ST significantly reduced weight gain, visceral fat, and liver weight in HFD-fed rats. Serum TC, TG, and LDL-C levels were significantly reduced by ST treatment. ST improved hepatic steatosis, as evidenced by H&E and Oil Red O staining. ST increased the number of goblet cells and the expression of occludin and ZO-1 in the ileum, indicating improved intestinal barrier function. ST treatment altered the composition of the gut microbiota, reducing the abundance of Erysipelotrichaceae and Peptostreptococcaceae. ST treatment modified serum and fecal BA profiles, increasing CDCA levels and decreasing TCA levels. FMT from ST-treated rats improved hepatic steatosis and intestinal barrier function in recipient rats. ST upregulated hepatic cyp7a1 mRNA expression and increased CDCA levels. Combined CDCA/ST treatment further improved lipid profiles and increased the expression of CYP7A1, suggesting synergistic effects.

This study demonstrates that ST effectively alleviates HFD-induced hyperlipidemia and hepatic steatosis. The mechanism involves improving intestinal barrier function, altering gut microbiota composition, and modulating BA metabolism, particularly through the CYP7A1 pathway. The increase in CDCA, an FXR agonist, and the decrease in TCA, associated with liver cirrhosis, are significant findings. The upregulation of ABCG1 suggests ST's involvement in cholesterol efflux. Combined CDCA/ST treatment shows enhanced therapeutic effects. The FMT results indicate a crucial role for the gut microbiota in mediating ST's effects. The observed changes in gut microbiota composition, particularly the reduction of Erysipelotrichaceae and Allobaculum, are consistent with improved metabolic health.

Stigmasterol (ST) effectively mitigates HFD-induced hyperlipidemia and hepatic steatosis through a multi-faceted mechanism involving improved intestinal barrier function, modulation of gut microbiota, and enhanced bile acid metabolism via the CYP7A1 pathway. Combination therapy with CDCA amplifies these benefits. Future research should explore the precise mechanisms governing ST's effects on the gut-liver axis and investigate the potential of ST as a therapeutic agent for obesity-associated disorders.
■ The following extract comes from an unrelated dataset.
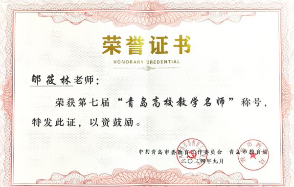 近日,中共青岛市委教育工作委员会、青岛市教育局公布第七届青岛高校教学名师授奖名单,公司郇筱林副教授获“第七届青岛高校教学名师”荣誉称号。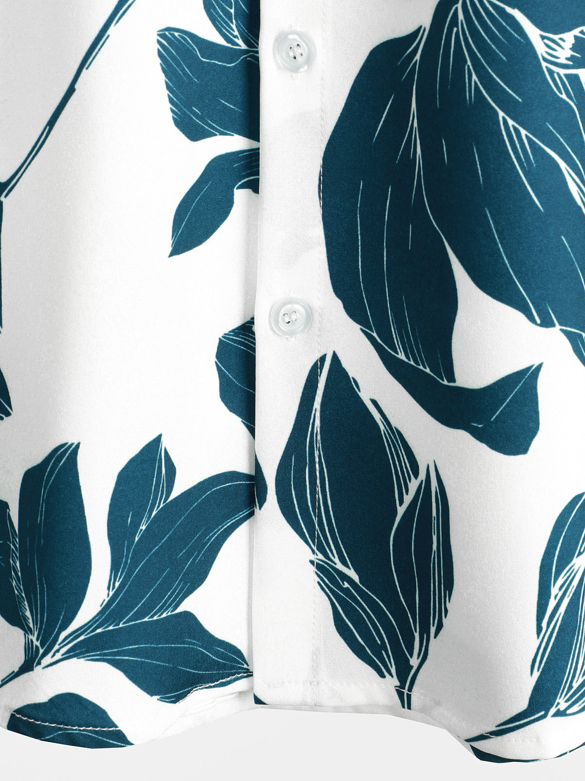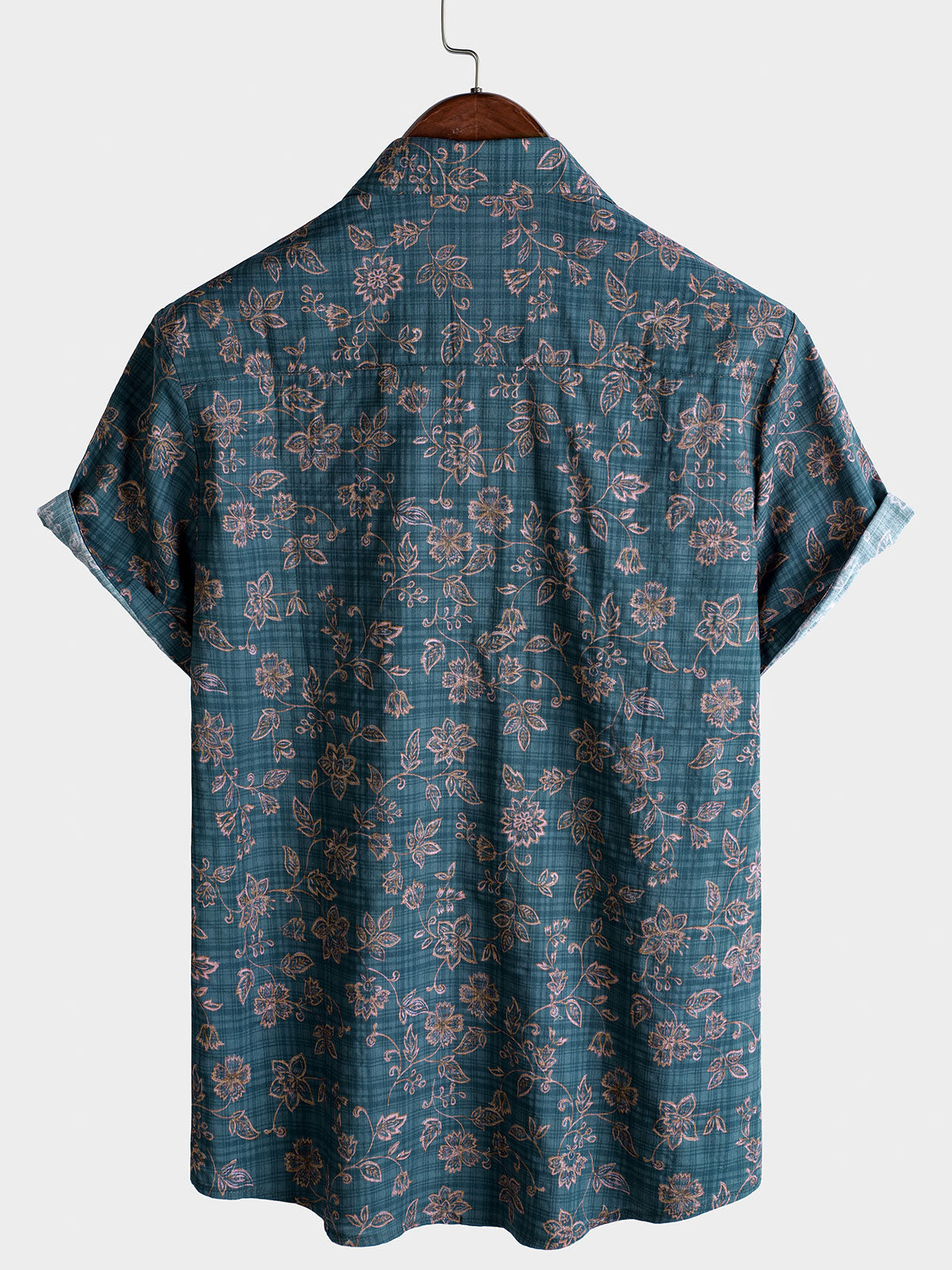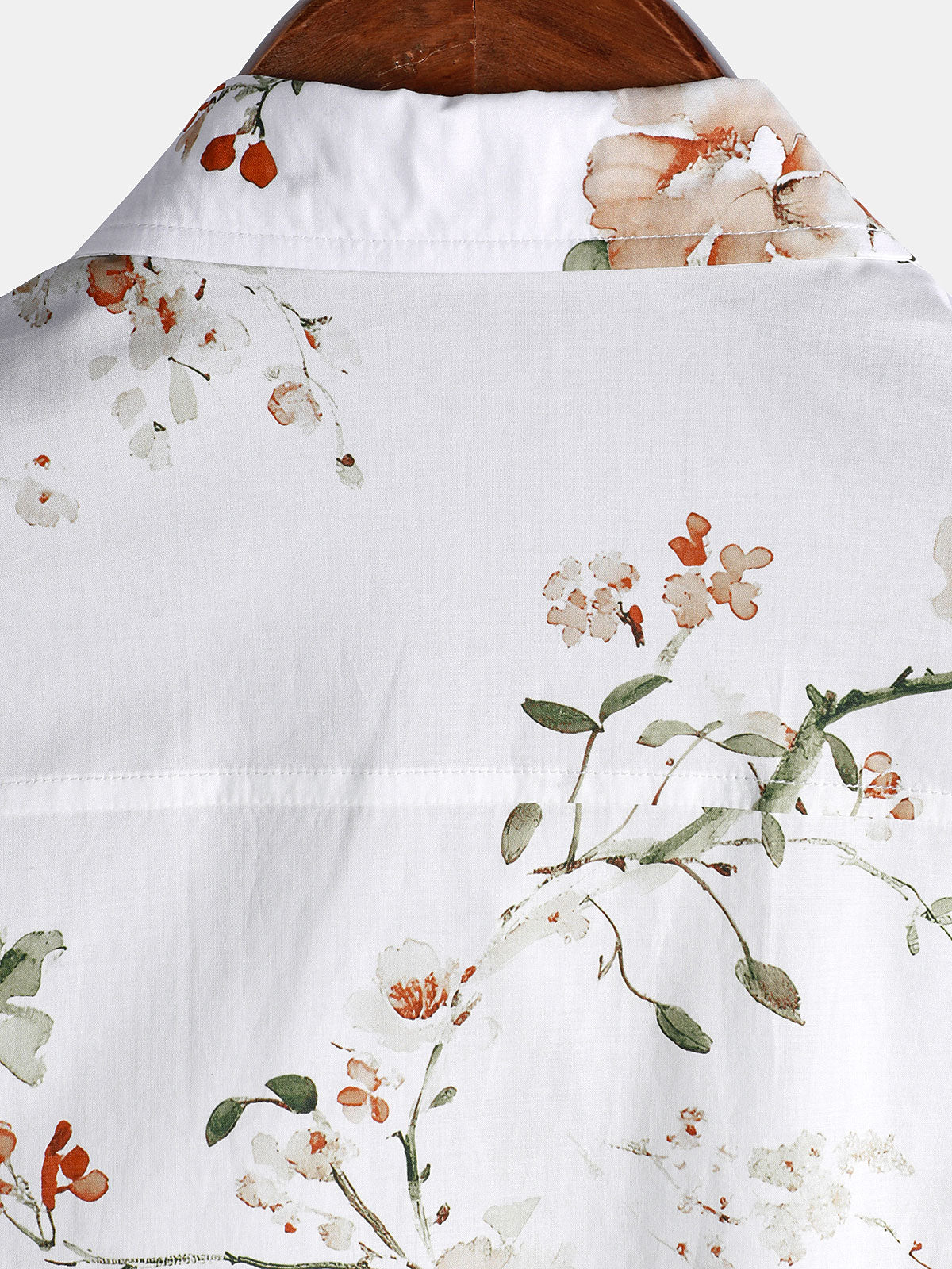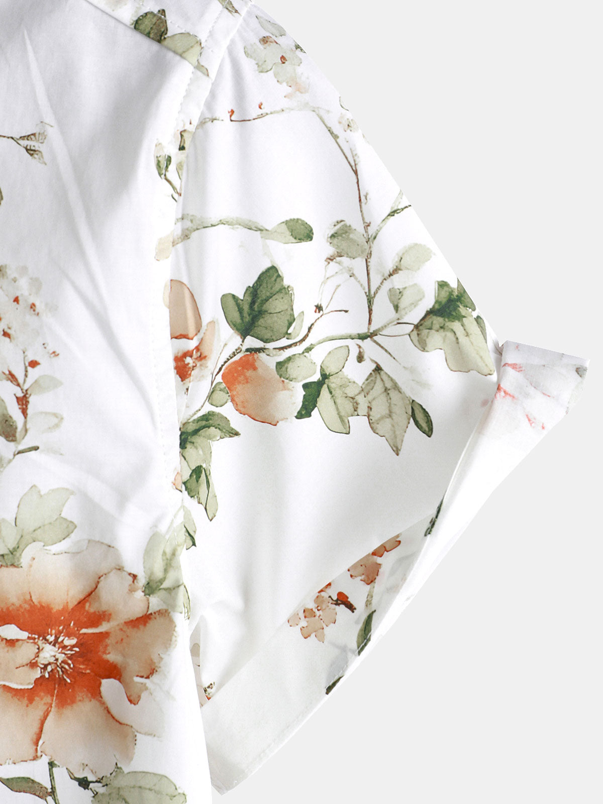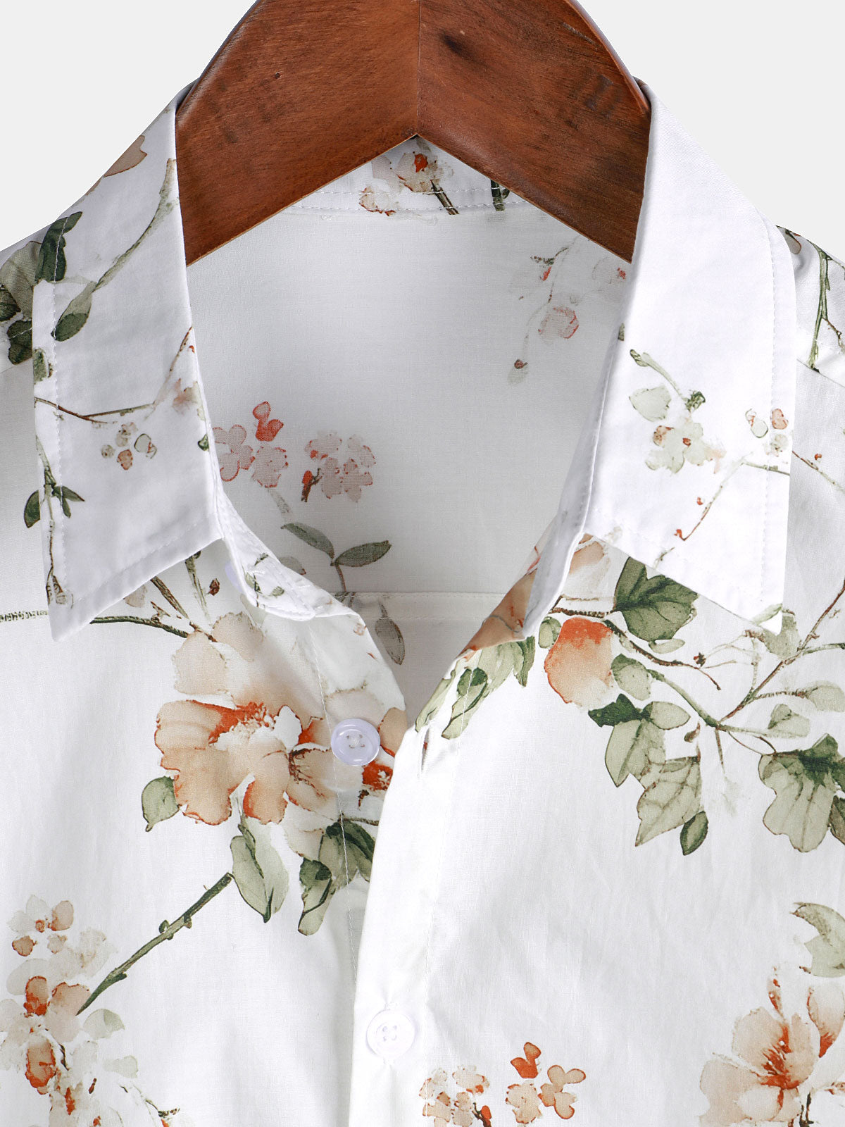 Camisa hawaiana de algodón de manga corta con estampado floral de margaritas para hombre

Further studies could focus on identifying specific microbial species involved and exploring the clinical applications of ST supplementation.

The study used a rat model, which may not fully translate to human physiology. The mechanisms underlying ST's effects on the gut microbiota remain partially unclear. Further research is needed to determine the optimal dosage and long-term effects of ST in humans.